Welcome to the official TTC game! Good luck! Hoping for a speedy BFP for you!


----------



## Mondie

Well I'm 4dpo so fingers crossed for a sticky this month. 

Welcome Plex, hope you get a bfp very soon.

Itsawonder, I'll keep my my fingers crossed for a bfp for you too

Xx


----------



## Mondie

Hope you are all well? I'm currently 10dpo today and have what looks like a faint bfp on an ic. What do you ladies think? Am I seeing something that's not there, it seems to be pink in colour? Maybe I'm clutching at straws!
 



Attached Files:







image.jpg
File size: 16.3 KB
Views: 23


----------



## rmsh1

I think I can see something but it is hard to tell on my phone :)


----------



## Spudtastic

I can see something too. I reckon you'd see it on a frer now if you can get your hands on one. Good luck.


----------



## MeganS0326

Mondie I totally see that. I vote BFP!! Can't wait for next test!!!


----------



## Mondie

MeganS0326 said:


> Mondie I totally see that. I vote BFP!! Can't wait for next test!!!

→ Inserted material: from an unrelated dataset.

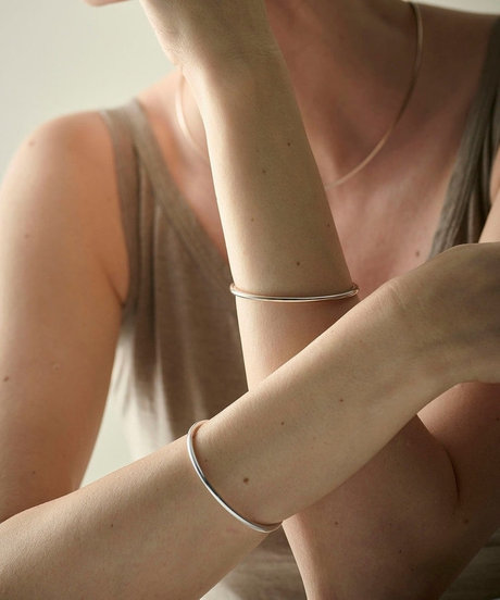 2025.02.08 "Re-grow" Collection -Bangle- 型を製作する際に生まれる石膏の廃棄をなくせるよう、線材でつくられたバングル。カジュアルなイメージのある線材ですが、太さやフォルムの検証を重ね、奥行きのある表情と滑らかなきらめきを持つ仕上がりを実現。リュクスで大人な雰囲気にアップデートしました。膨らみをもたせたシルエットが、肌に優しくなじみます。 リグロウ ミディアム バングル ¥25,300 リグロウ シン バングル ¥18,700 リグロウ ミディアム バングル ¥25,300 リグロウ シン バングル ¥18,700

Did a frer this morning, looks like a proper bfp today!!
 



Attached Files:







image.jpg
File size: 12.9 KB
Views: 16


----------



## mitchnorm

Mondie said:


> MeganS0326 said:
> 
> 
> Mondie I totally see that. I vote BFP!! Can't wait for next test!!!
> 
> Did a frer this morning, looks like a proper bfp today!!Click to expand...

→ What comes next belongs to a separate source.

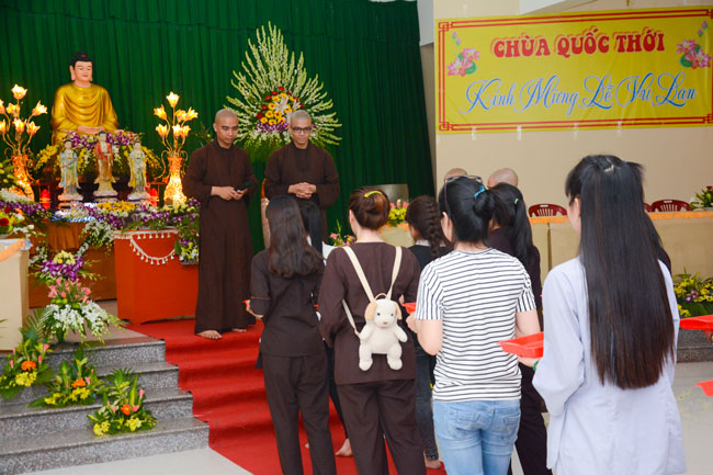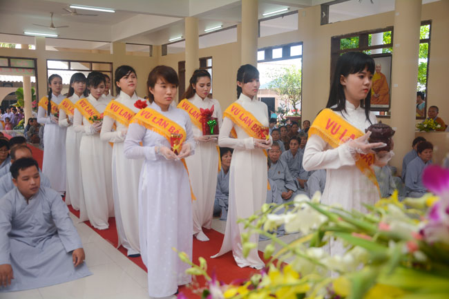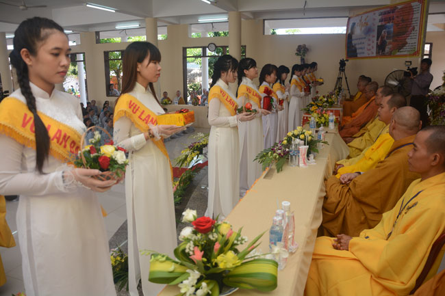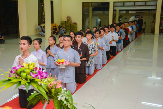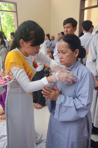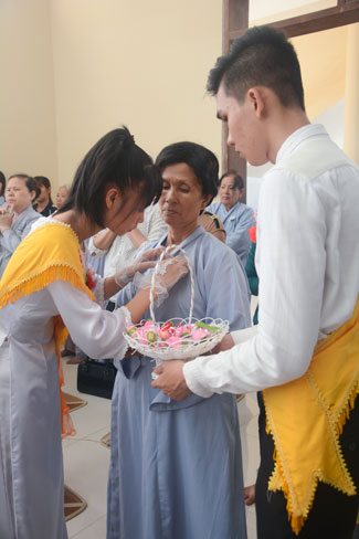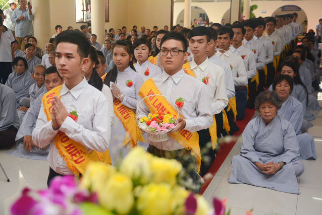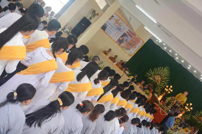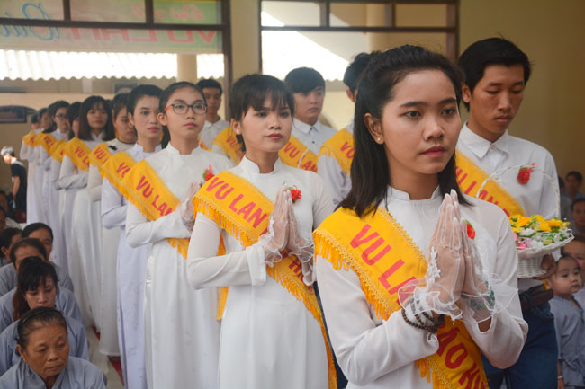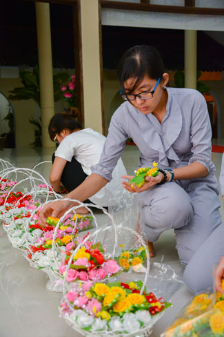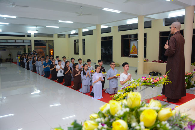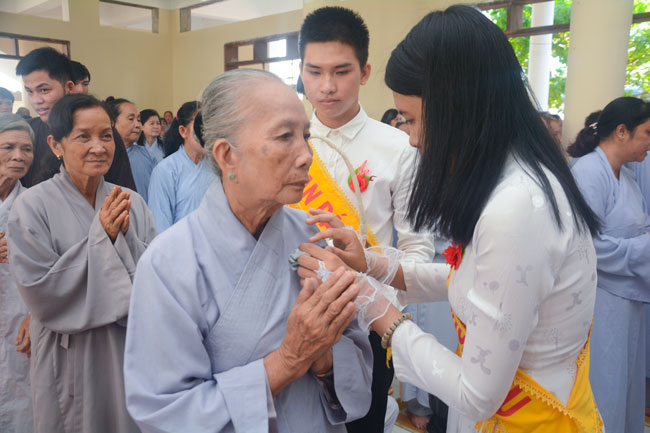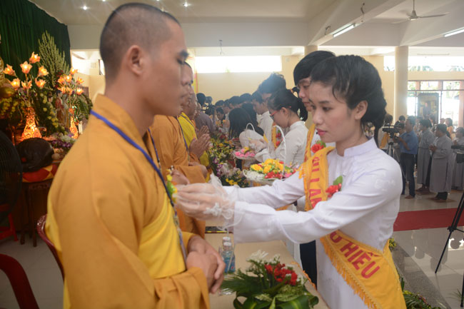 Following the filial piety example of Venerable Moggallana, after pinning of red flowers, the Buddhist teenagers of Quốc Thới Pagoda granted offerings to the honored monks. The Most Venerable Thich Giac Huong who was the witness of the Administrative Board of the Vietnamese Buddhist Congregation of Cho Lach District, represented all Sangha and had some teachings in the ceremony. After his speech, all the mass believed and obeyed in the Most Venerable ‘s Dharma words to become filial piety people who repay their parents’ merit when they still exist in this life.

Yay definately BFP...congratulations x x:happydance:


----------



## Spudtastic

Congratulations mondie :happydance::happydance::happydance::happydance::happydance:


----------



## MeganS0326

Congrats!!! So happy for you!!!


----------



## ItsAWonder

That's a BFP if I've ever seen one!!! Congrats!!!

I will ovulate soon, probably w/in the next three days but I'm not completely sure. I hope some of the BFP luck in this group rubs off!


----------



## MrsTB

Mondie said:


> MeganS0326 said:
> 
> 
> Mondie I totally see that. I vote BFP!! Can't wait for next test!!!
> 
> Did a frer this morning, looks like a proper bfp today!!Click to expand...

OMG!! Congrats Mondie!! So so happy for you!:yipee::happydance::happydance:
How you feeling? xx


----------



## Mondie

Thanks MrsTB! I'm feeling good, boobs are incredibly sore but that's it so far. I had bad morning sickness with DS so waiting for that to kick in! 

It's still early days so trying not to get too excited.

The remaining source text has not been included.